§ TASK OBJECTIVE
Reproduce the entries that follow exactly. No picture should appear in the result.

Records from a dataset:
******************************

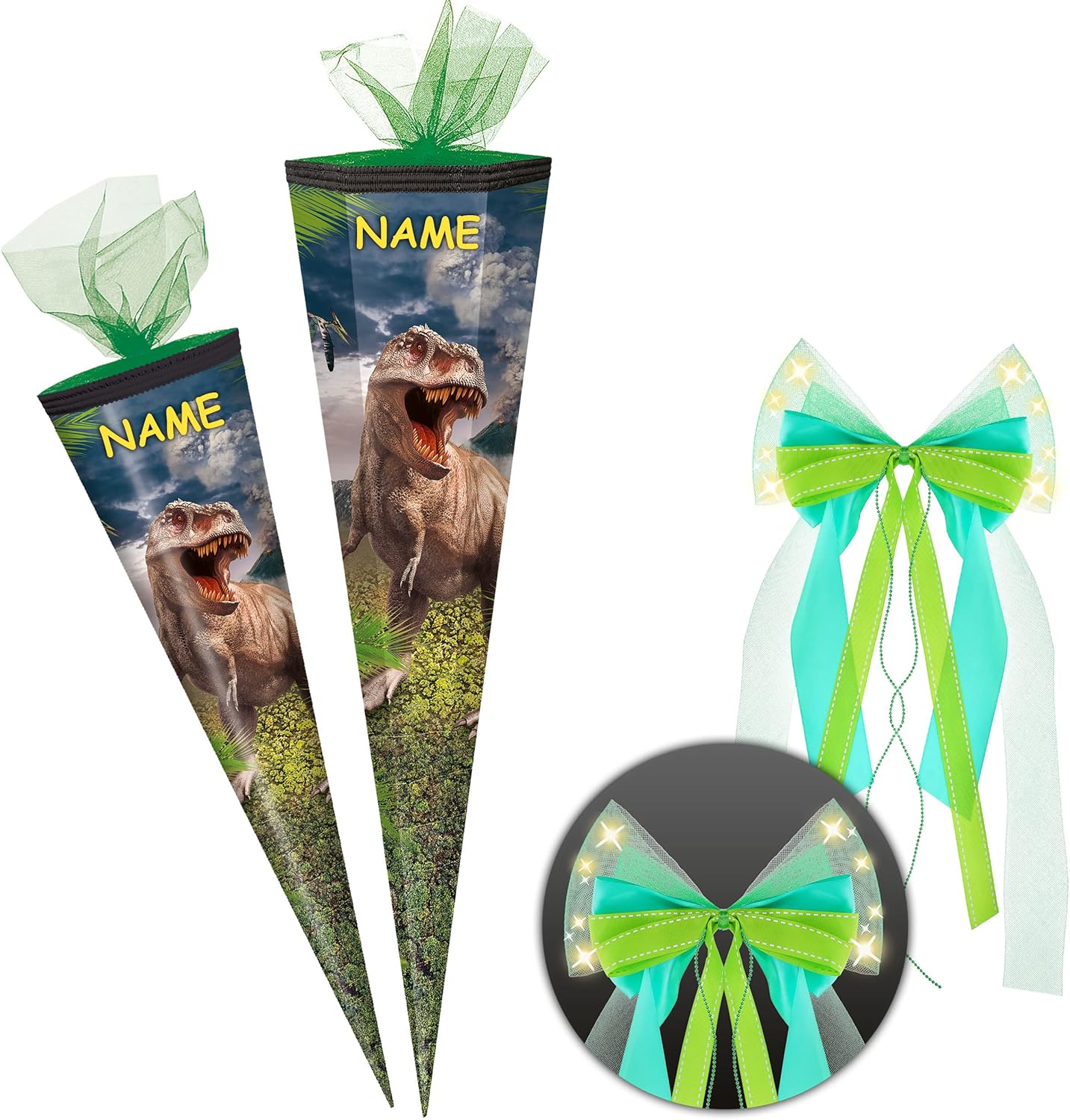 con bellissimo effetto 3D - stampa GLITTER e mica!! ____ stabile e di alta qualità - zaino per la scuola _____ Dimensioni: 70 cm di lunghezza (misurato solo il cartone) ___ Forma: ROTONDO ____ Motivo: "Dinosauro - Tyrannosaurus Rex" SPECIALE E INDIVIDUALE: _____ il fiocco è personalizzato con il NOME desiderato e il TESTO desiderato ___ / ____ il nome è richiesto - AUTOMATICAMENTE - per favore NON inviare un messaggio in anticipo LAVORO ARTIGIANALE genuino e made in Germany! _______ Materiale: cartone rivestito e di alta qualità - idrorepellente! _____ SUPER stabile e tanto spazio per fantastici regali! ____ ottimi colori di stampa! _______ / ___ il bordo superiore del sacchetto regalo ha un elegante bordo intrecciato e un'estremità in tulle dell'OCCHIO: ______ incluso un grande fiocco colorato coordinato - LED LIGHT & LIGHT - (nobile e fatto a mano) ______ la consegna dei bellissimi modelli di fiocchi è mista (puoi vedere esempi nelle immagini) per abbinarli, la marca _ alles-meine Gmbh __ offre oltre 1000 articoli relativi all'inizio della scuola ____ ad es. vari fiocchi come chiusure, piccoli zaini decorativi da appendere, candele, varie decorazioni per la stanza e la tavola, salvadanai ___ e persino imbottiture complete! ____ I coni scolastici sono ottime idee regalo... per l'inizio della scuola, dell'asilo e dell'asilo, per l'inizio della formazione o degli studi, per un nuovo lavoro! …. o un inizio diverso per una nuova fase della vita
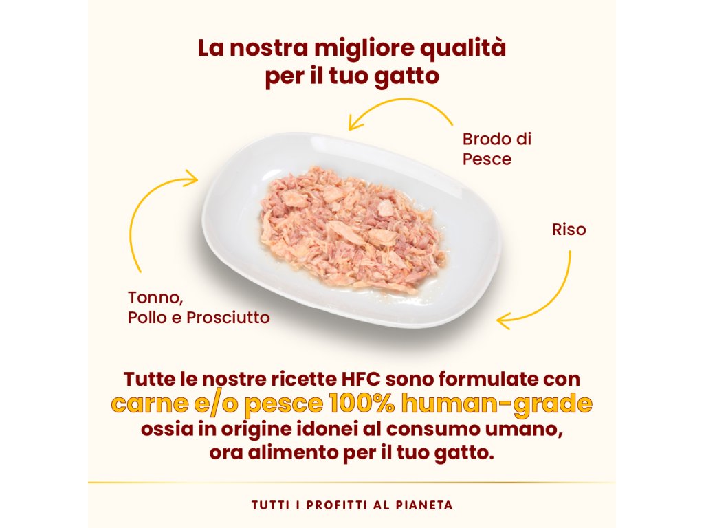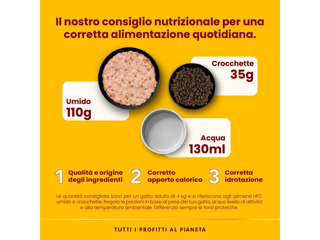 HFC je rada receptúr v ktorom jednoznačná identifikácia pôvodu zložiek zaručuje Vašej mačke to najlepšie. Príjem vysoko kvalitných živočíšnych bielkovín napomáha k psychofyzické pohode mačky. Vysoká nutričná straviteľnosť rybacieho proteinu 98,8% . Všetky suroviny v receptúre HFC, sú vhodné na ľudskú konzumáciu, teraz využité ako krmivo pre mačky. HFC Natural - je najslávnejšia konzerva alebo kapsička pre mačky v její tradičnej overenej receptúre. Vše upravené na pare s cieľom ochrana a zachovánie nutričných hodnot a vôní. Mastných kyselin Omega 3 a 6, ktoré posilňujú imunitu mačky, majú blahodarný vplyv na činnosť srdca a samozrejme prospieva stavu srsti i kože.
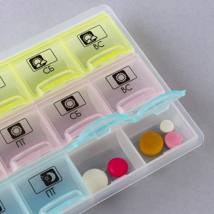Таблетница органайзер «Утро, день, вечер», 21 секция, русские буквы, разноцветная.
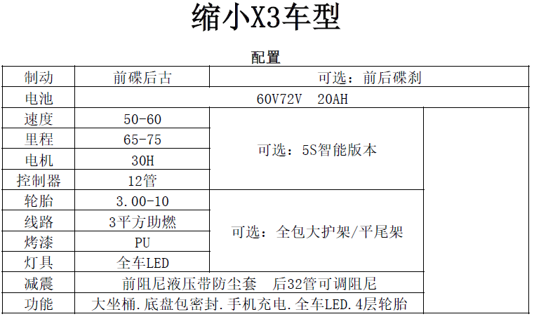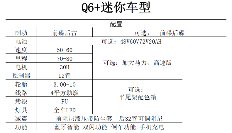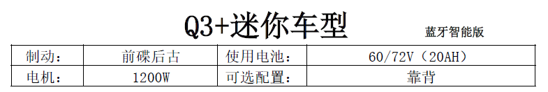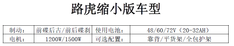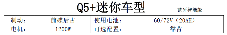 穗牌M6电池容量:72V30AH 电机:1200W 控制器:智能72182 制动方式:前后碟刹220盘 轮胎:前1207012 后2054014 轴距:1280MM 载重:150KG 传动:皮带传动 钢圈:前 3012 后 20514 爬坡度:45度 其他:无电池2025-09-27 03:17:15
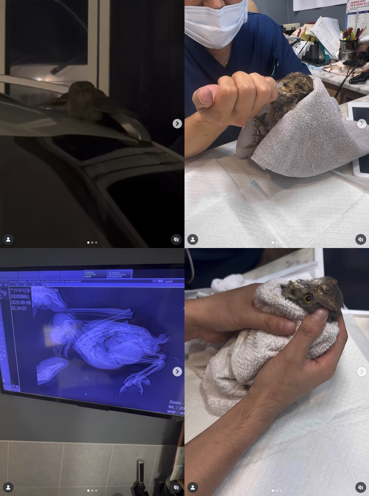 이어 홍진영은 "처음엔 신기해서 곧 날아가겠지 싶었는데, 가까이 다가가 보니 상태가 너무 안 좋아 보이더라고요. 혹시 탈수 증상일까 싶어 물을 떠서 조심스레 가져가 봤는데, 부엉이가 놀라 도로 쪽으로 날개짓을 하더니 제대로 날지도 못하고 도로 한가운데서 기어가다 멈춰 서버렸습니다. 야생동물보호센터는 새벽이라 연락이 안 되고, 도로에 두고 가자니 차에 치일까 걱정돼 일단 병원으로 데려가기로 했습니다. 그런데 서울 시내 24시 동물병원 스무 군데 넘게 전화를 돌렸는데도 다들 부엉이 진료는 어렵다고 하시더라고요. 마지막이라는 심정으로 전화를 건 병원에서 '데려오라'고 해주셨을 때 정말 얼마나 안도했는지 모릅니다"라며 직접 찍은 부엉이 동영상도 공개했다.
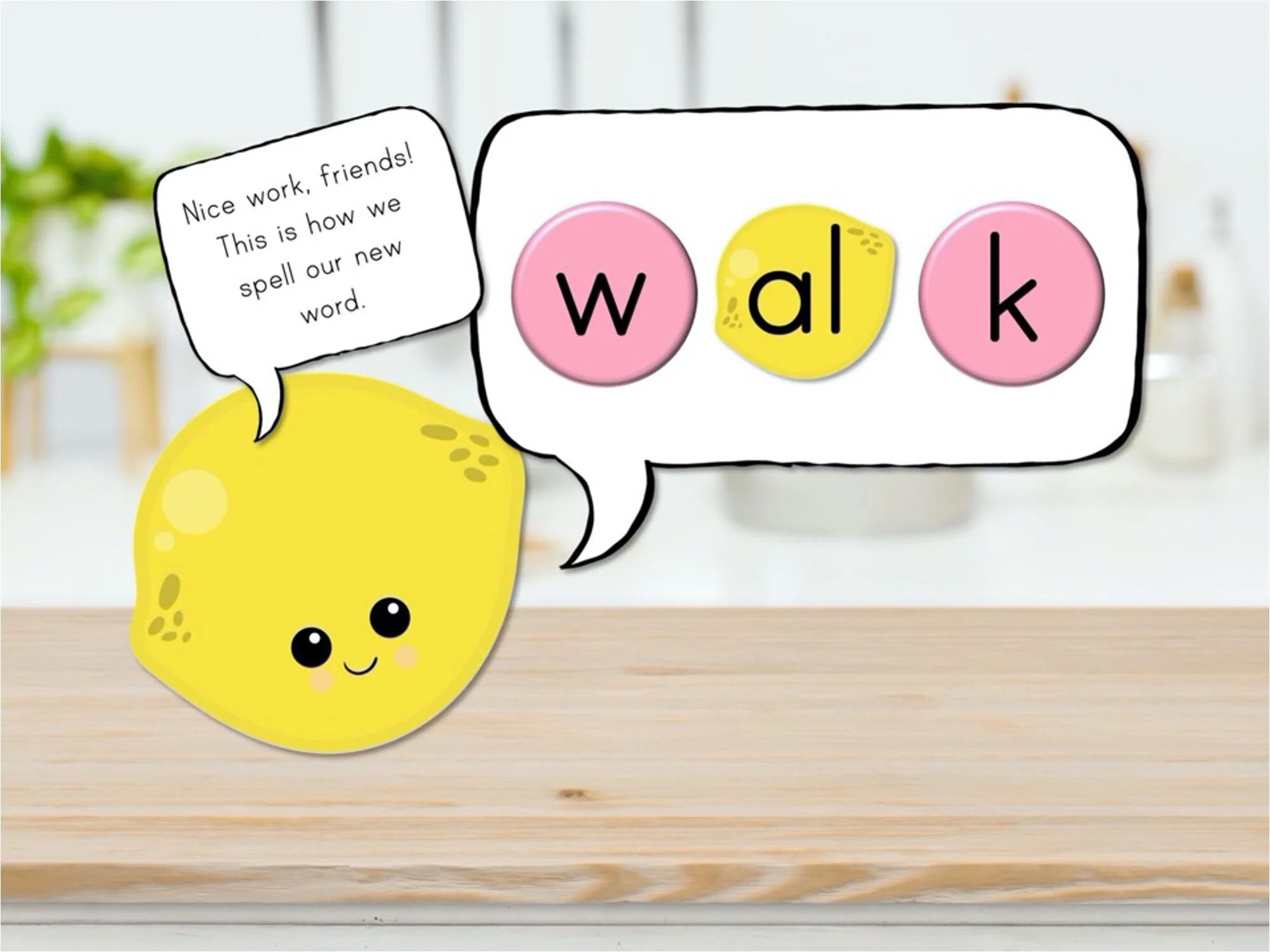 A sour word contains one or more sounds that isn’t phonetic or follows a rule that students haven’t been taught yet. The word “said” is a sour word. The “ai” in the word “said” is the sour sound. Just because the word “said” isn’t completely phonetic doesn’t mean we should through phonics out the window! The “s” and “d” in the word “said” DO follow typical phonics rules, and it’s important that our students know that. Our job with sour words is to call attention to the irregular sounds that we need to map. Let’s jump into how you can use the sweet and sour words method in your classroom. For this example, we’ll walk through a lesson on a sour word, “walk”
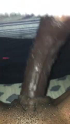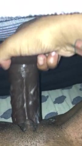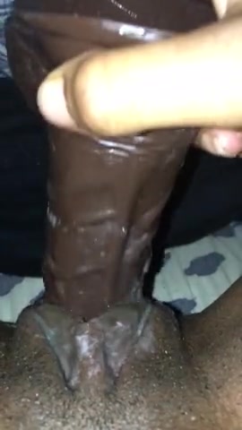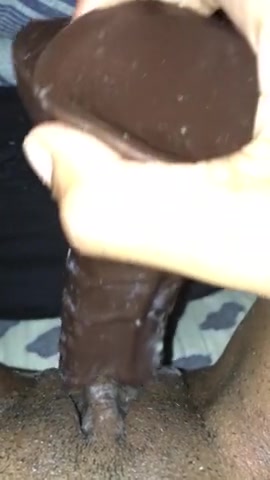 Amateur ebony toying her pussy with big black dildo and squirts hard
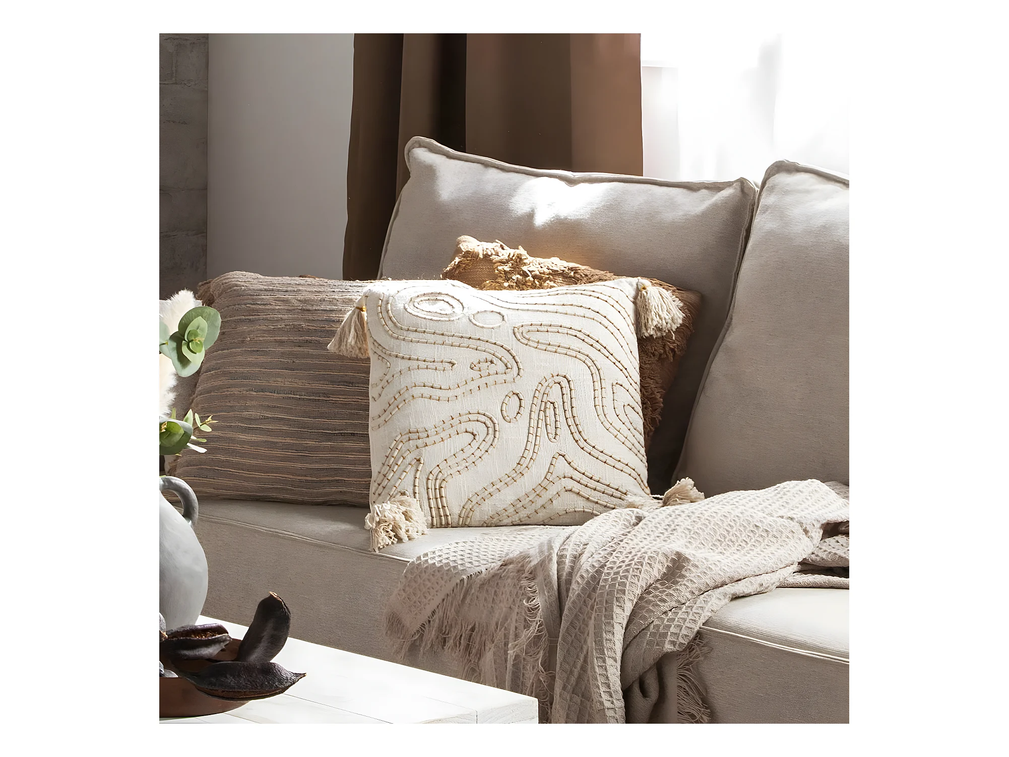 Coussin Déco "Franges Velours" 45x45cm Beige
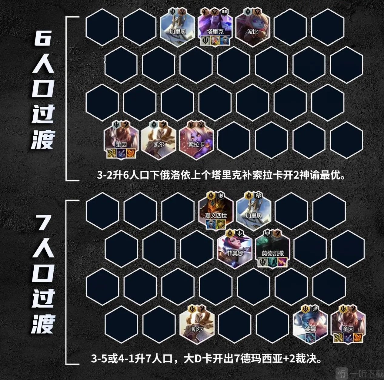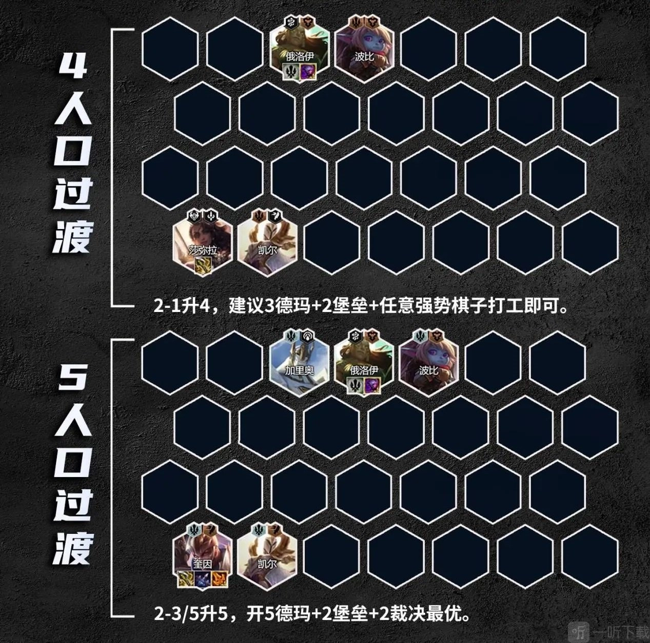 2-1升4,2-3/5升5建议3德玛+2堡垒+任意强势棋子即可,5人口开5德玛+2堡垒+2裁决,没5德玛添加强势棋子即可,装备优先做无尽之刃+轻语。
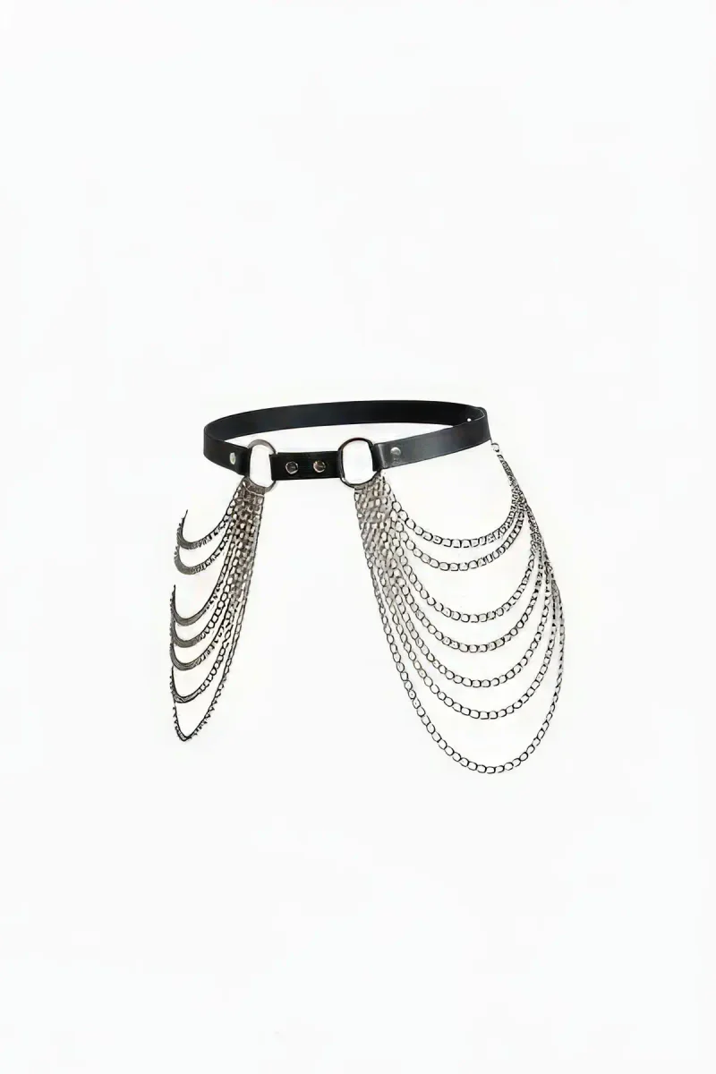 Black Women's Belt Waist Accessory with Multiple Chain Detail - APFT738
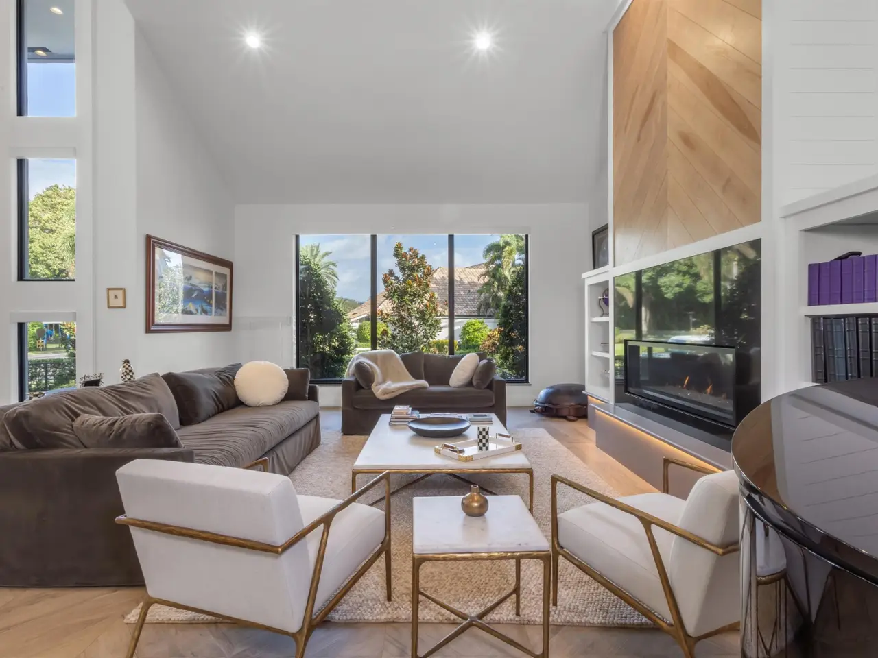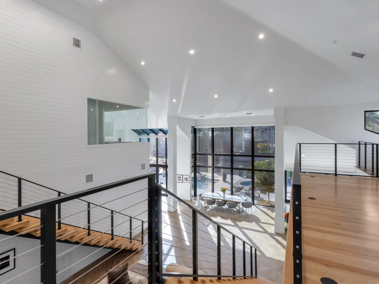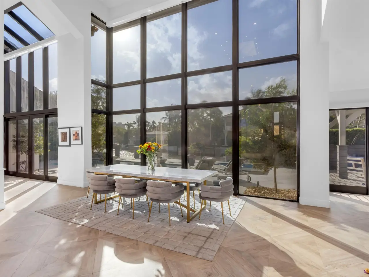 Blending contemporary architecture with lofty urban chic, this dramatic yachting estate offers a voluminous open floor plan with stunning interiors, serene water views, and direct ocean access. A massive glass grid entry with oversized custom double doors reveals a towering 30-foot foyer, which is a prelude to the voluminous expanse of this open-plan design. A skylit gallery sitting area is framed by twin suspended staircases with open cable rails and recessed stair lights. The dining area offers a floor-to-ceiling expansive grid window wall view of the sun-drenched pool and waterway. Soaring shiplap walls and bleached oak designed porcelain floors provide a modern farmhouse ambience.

******************************

§ RESULT OF THE TASK
 con bellissimo effetto 3D - stampa GLITTER e mica!! ____ stabile e di alta qualità - zaino per la scuola _____ Dimensioni: 70 cm di lunghezza (misurato solo il cartone) ___ Forma: ROTONDO ____ Motivo: "Dinosauro - Tyrannosaurus Rex" SPECIALE E INDIVIDUALE: _____ il fiocco è personalizzato con il NOME desiderato e il TESTO desiderato ___ / ____ il nome è richiesto - AUTOMATICAMENTE - per favore NON inviare un messaggio in anticipo LAVORO ARTIGIANALE genuino e made in Germany! _______ Materiale: cartone rivestito e di alta qualità - idrorepellente! _____ SUPER stabile e tanto spazio per fantastici regali! ____ ottimi colori di stampa! _______ / ___ il bordo superiore del sacchetto regalo ha un elegante bordo intrecciato e un'estremità in tulle dell'OCCHIO: ______ incluso un grande fiocco colorato coordinato - LED LIGHT & LIGHT - (nobile e fatto a mano) ______ la consegna dei bellissimi modelli di fiocchi è mista (puoi vedere esempi nelle immagini) per abbinarli, la marca _ alles-meine Gmbh __ offre oltre 1000 articoli relativi all'inizio della scuola ____ ad es. vari fiocchi come chiusure, piccoli zaini decorativi da appendere, candele, varie decorazioni per la stanza e la tavola, salvadanai ___ e persino imbottiture complete! ____ I coni scolastici sono ottime idee regalo... per l'inizio della scuola, dell'asilo e dell'asilo, per l'inizio della formazione o degli studi, per un nuovo lavoro! …. o un inizio diverso per una nuova fase della vita
 HFC je rada receptúr v ktorom jednoznačná identifikácia pôvodu zložiek zaručuje Vašej mačke to najlepšie. Príjem vysoko kvalitných živočíšnych bielkovín napomáha k psychofyzické pohode mačky. Vysoká nutričná straviteľnosť rybacieho proteinu 98,8% . Všetky suroviny v receptúre HFC, sú vhodné na ľudskú konzumáciu, teraz využité ako krmivo pre mačky. HFC Natural - je najslávnejšia konzerva alebo kapsička pre mačky v její tradičnej overenej receptúre. Vše upravené na pare s cieľom ochrana a zachovánie nutričných hodnot a vôní. Mastných kyselin Omega 3 a 6, ktoré posilňujú imunitu mačky, majú blahodarný vplyv na činnosť srdca a samozrejme prospieva stavu srsti i kože.
Таблетница органайзер «Утро, день, вечер», 21 секция, русские буквы, разноцветная.
 穗牌M6电池容量:72V30AH 电机:1200W 控制器:智能72182 制动方式:前后碟刹220盘 轮胎:前1207012 后2054014 轴距:1280MM 载重:150KG 传动:皮带传动 钢圈:前 3012 后 20514 爬坡度:45度 其他:无电池2025-09-27 03:17:15
 이어 홍진영은 "처음엔 신기해서 곧 날아가겠지 싶었는데, 가까이 다가가 보니 상태가 너무 안 좋아 보이더라고요. 혹시 탈수 증상일까 싶어 물을 떠서 조심스레 가져가 봤는데, 부엉이가 놀라 도로 쪽으로 날개짓을 하더니 제대로 날지도 못하고 도로 한가운데서 기어가다 멈춰 서버렸습니다. 야생동물보호센터는 새벽이라 연락이 안 되고, 도로에 두고 가자니 차에 치일까 걱정돼 일단 병원으로 데려가기로 했습니다. 그런데 서울 시내 24시 동물병원 스무 군데 넘게 전화를 돌렸는데도 다들 부엉이 진료는 어렵다고 하시더라고요. 마지막이라는 심정으로 전화를 건 병원에서 '데려오라'고 해주셨을 때 정말 얼마나 안도했는지 모릅니다"라며 직접 찍은 부엉이 동영상도 공개했다.
 A sour word contains one or more sounds that isn’t phonetic or follows a rule that students haven’t been taught yet. The word “said” is a sour word. The “ai” in the word “said” is the sour sound. Just because the word “said” isn’t completely phonetic doesn’t mean we should through phonics out the window! The “s” and “d” in the word “said” DO follow typical phonics rules, and it’s important that our students know that. Our job with sour words is to call attention to the irregular sounds that we need to map. Let’s jump into how you can use the sweet and sour words method in your classroom. For this example, we’ll walk through a lesson on a sour word, “walk”
 Amateur ebony toying her pussy with big black dildo and squirts hard
 Coussin Déco "Franges Velours" 45x45cm Beige
 2-1升4,2-3/5升5建议3德玛+2堡垒+任意强势棋子即可,5人口开5德玛+2堡垒+2裁决,没5德玛添加强势棋子即可,装备优先做无尽之刃+轻语。
 Black Women's Belt Waist Accessory with Multiple Chain Detail - APFT738
 Blending contemporary architecture with lofty urban chic, this dramatic yachting estate offers a voluminous open floor plan with stunning interiors, serene water views, and direct ocean access. A massive glass grid entry with oversized custom double doors reveals a towering 30-foot foyer, which is a prelude to the voluminous expanse of this open-plan design. A skylit gallery sitting area is framed by twin suspended staircases with open cable rails and recessed stair lights. The dining area offers a floor-to-ceiling expansive grid window wall view of the sun-drenched pool and waterway. Soaring shiplap walls and bleached oak designed porcelain floors provide a modern farmhouse ambience.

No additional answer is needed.